Uncertainty #2 – How long will we have a duck curve?
For the near future we’re probably stuck with the duck curve. At a high level, we’ll have it as long as we have this big mismatch between demand and energy supply side resources like solar and wind (let’s call them traditional energy sources from here out, shall we?). Which is where the storage folks come in to save the day. But until we have a deployment of storage that matches the deployment of solar and wind, we’re going to have cheap afternoon energy and high evening costs. One could predict that there’s an eventual equilibrium to be met there when that storage meets the demand of those evening hours, and the cost of that storage meets the levelized cost in the difference between afternoon and evening prices. Right now, that seems like a long way off but then it seems where we got to a grid crowded with solar a lot faster than most people expected. When markets tip, they really tip.
Uncertainty #3 – What will regulatory oversight look like in 2019?
As we’re prepping for next year’s programs, the biggest uncertainty for me is the regulatory picture. To be specific on two fronts:
- Will we bring some order to the chaos that has been the ex-ante review process?

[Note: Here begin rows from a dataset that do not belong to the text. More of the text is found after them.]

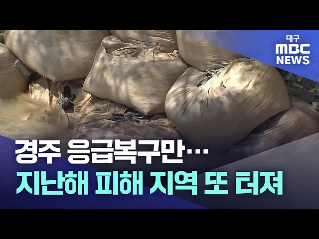 ◀앵커▶태풍 '카눈'으로 경북 동해안에서는 다행히 인명 피해는 없었지만, 많은 비로 일부 지역 주민들은 뜬눈으로 밤을 지새웠습니다.특히 경주에서는 2022년 힌남노로 토사에 휩쓸린 지역이 또다시 피해가 났는데요. 예산 집행이 늦어지는 바람에 제대로 된 복구가 미뤄졌기 때문입니다. 장미쁨 기자가 보도합니다. ◀기자▶...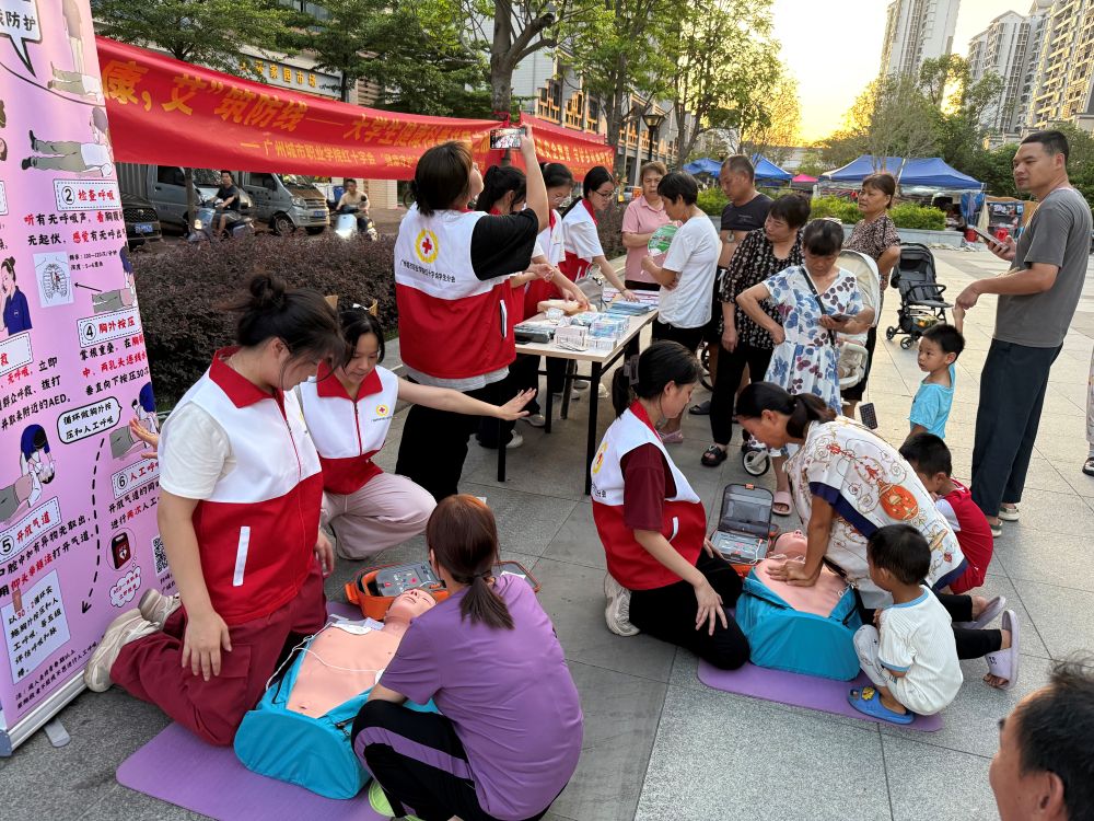急救培训进万家,生命守护在身边” ——突击队全力推动应急救护全民普及 突击队深入践行习近平总书记“人民健康是社会文明进步的基础”的重要论述,秉持“以人民为中心”的发展思想,积极响应广州市红十字会关于深化应急救护培训“进社区、进农村、进学校、进机关、进企业、进家庭”的工作部署,创新开展急救培训工作。盛夏的烈日炙烤着乡间小路,突击队员们扛着沉甸甸的心肺复苏模拟人在南池村挨家挨户敲门走访。汗水浸透了红马甲,但突击队员们的脚步丝毫不停——“多教会一个人,就可能多救一条命。”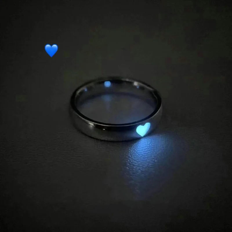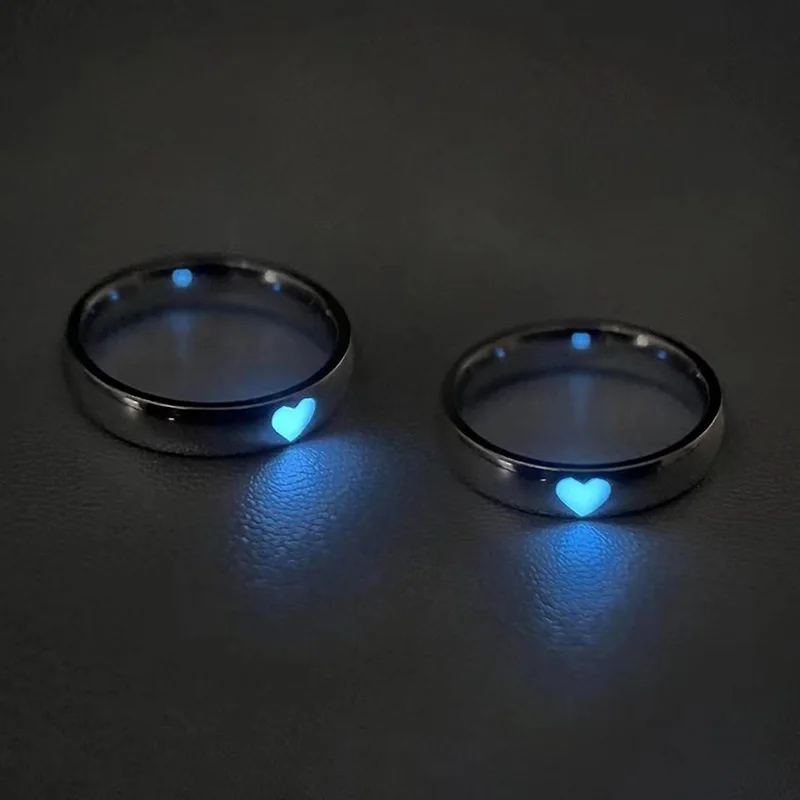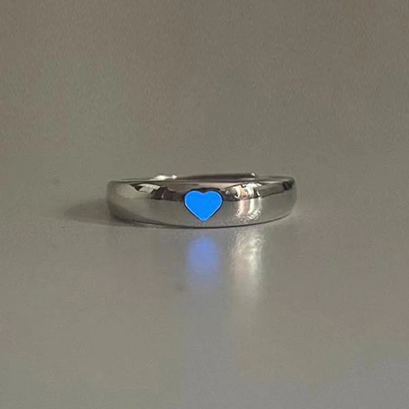 1PC Glow In Dark Luminous Love Heart Ring Fashion Adjustable Couples Rings Silver Color Pink Blue Light Jewelry Gift For Lover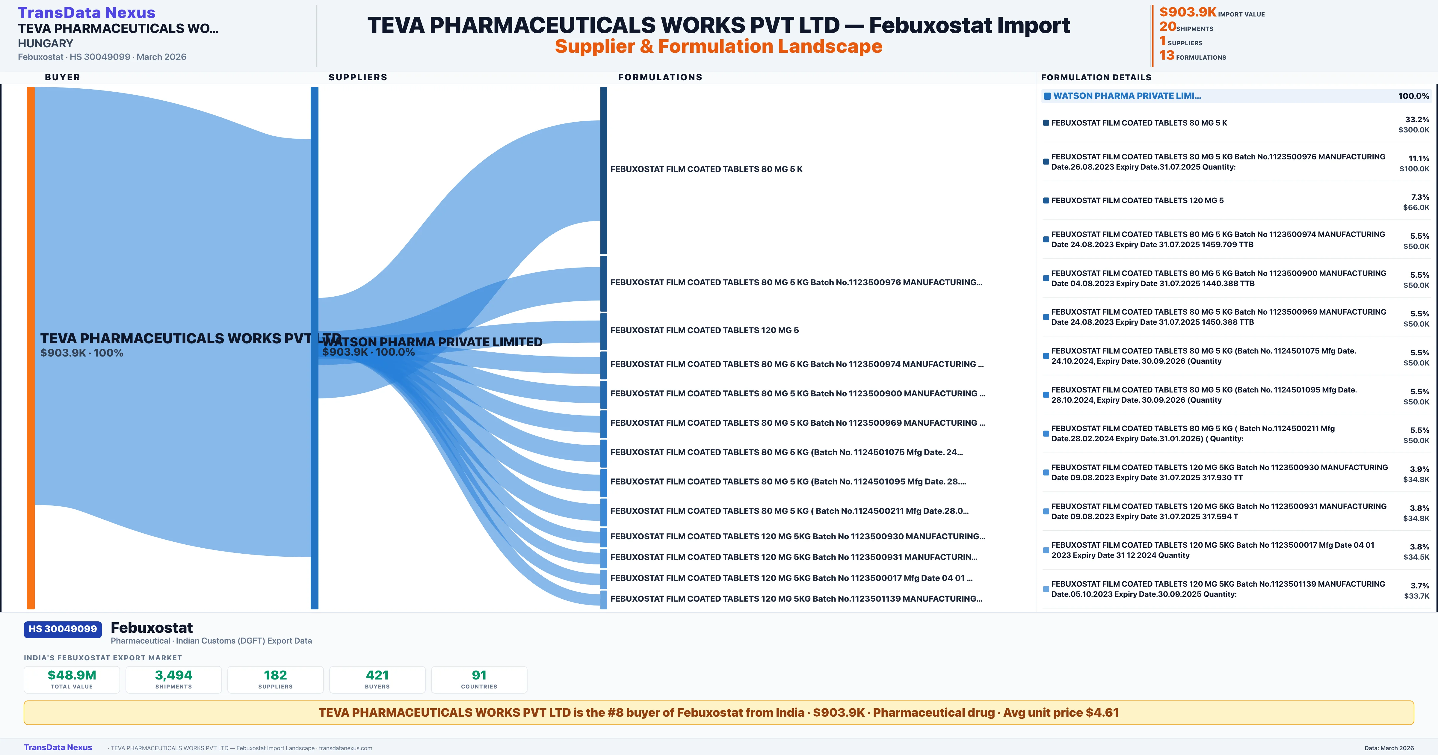 Access order-level details, pricing data, supplier connections, and competitive analysis for TEVA PHARMACEUTICALS WORKS PVT LTD's Febuxostat imports. TransData Nexus provides verified Indian Customs (DGFT) data trusted by pharmaceutical trade professionals worldwide.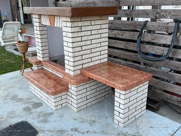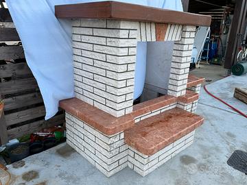 Rivestimento per camino a legna, stufa a pellet o caminetto in leca. Il rivestimento è a blocchi componibili cosi come visibile nelle foto, in marmo bianco Carrara e rosso Verona, completo della trave in legno, seduta laterale e porta legna.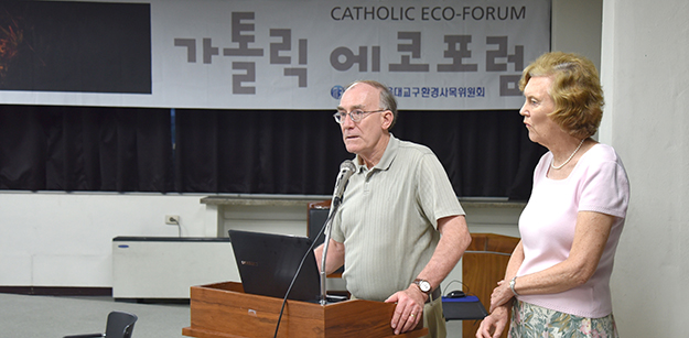 7월 15일 서울 명동 가톨릭회관에서 열린 가톨릭 에코포럼에서 미국 예일대 교수 존 그림-메리 에블린 터커씨 부부가 강연하고 있다. 서울대교구 환경사목위원회 제공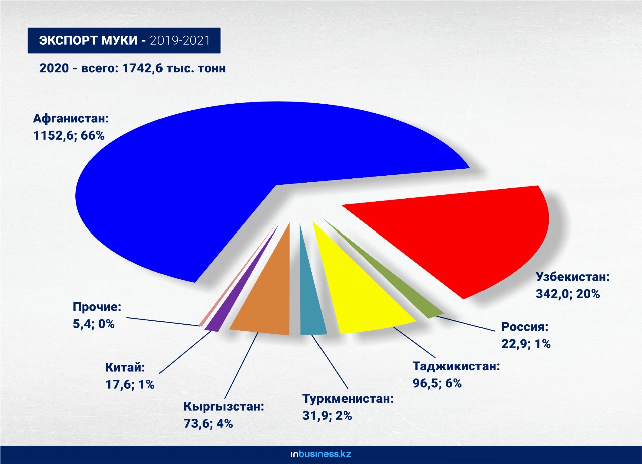 Что касается экспорта муки, то начиная с 2019 года объемы постепенно снижаются: в 2019-м было продано 1 млн 562 тыс. тонн, а в 2021 году уже 1 млн 443 тыс. тонн. Основными покупателями казахстанской муки как были, так и остаются Афганистан и Узбекистан, но объемы поставок сокращаются.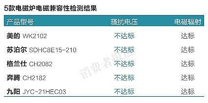 在安全性指标上,第三方权威机构的检测结果显示,5款电磁炉的电磁辐射均符合国家标准限值;但在“骚扰电压”这一项测试中,5款产品则“全军覆没”。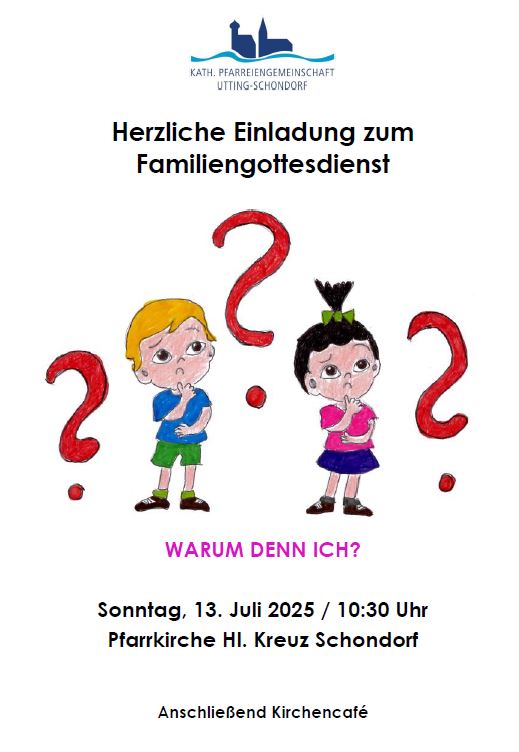 Herzliche Einladung zum Familiengottesdienst am 13. Juli um 10:30 Uhr in der Kirche Hl. Kreuz in Schondorf. Anschl. findet ein Kirchencafe statt.

- Will the CPUC stick with its draft decision to pull NMEC-platform programs through that custom review process?
To the first point, the ex-ante review (aka custom review) process has been absolutely crippling to the implementation of commercial and industrial programs that rely on custom calculations to estimate energy savings. While the objectives of that process were appropriate (reactions to poor NTG as the principal one) the cure was worse than the disease. The timeline for those reviews, and the customer interactions that delays, and incentives that got taken off the table, were nothing less than a programmatic nightmare to the point where our industry took the issue to the state legislature and passed AB 1131 to address. If we see a custom process that keeps the same administrative hassles and lack of clarity, a lot of us will be avoiding custom review like the plague.
Enter NMEC, which a lot of program implementers plan to use as a better tool for demonstrating savings at our sites in a way that is relatively clear and simple. However, a prior draft decision on NMEC assigned NMEC projects to the same custom review process. Industry reaction to that decision was widely negative, but we don’t yet have a final decision, leading again to uncertainty.
With all this uncertainty about, it’s kind of hard to know how to propose the right program approaches. And with SDG&E being the first to hit the streets with an RFA next week, it’s making a lot of us nervous.
I hope that we get a decision on NMEC soon, and we’ll need to wait and see how a revised ex-ante review comes together. But if we get those two steps in place, we’ll be ready to go with program concepts that can provide benefit to the state’s ratepayers, mitigate risk to public funds, and save our customers money and make them more carbon neutral, whether the TRC says so or not.
Like this post? Share it on LinkedIn.
 Total Resource Cost test. Currently used to determine program cost effectiveness. As described by the CPUC it “measures the net costs of a demand-side management program as a resource option based on the total costs of the program, including both the participants’ and the utility’s costs.” Current regs specify that program benefits, as measured by the test, must exceed costs, in other words the TRC must be greater than 1.0.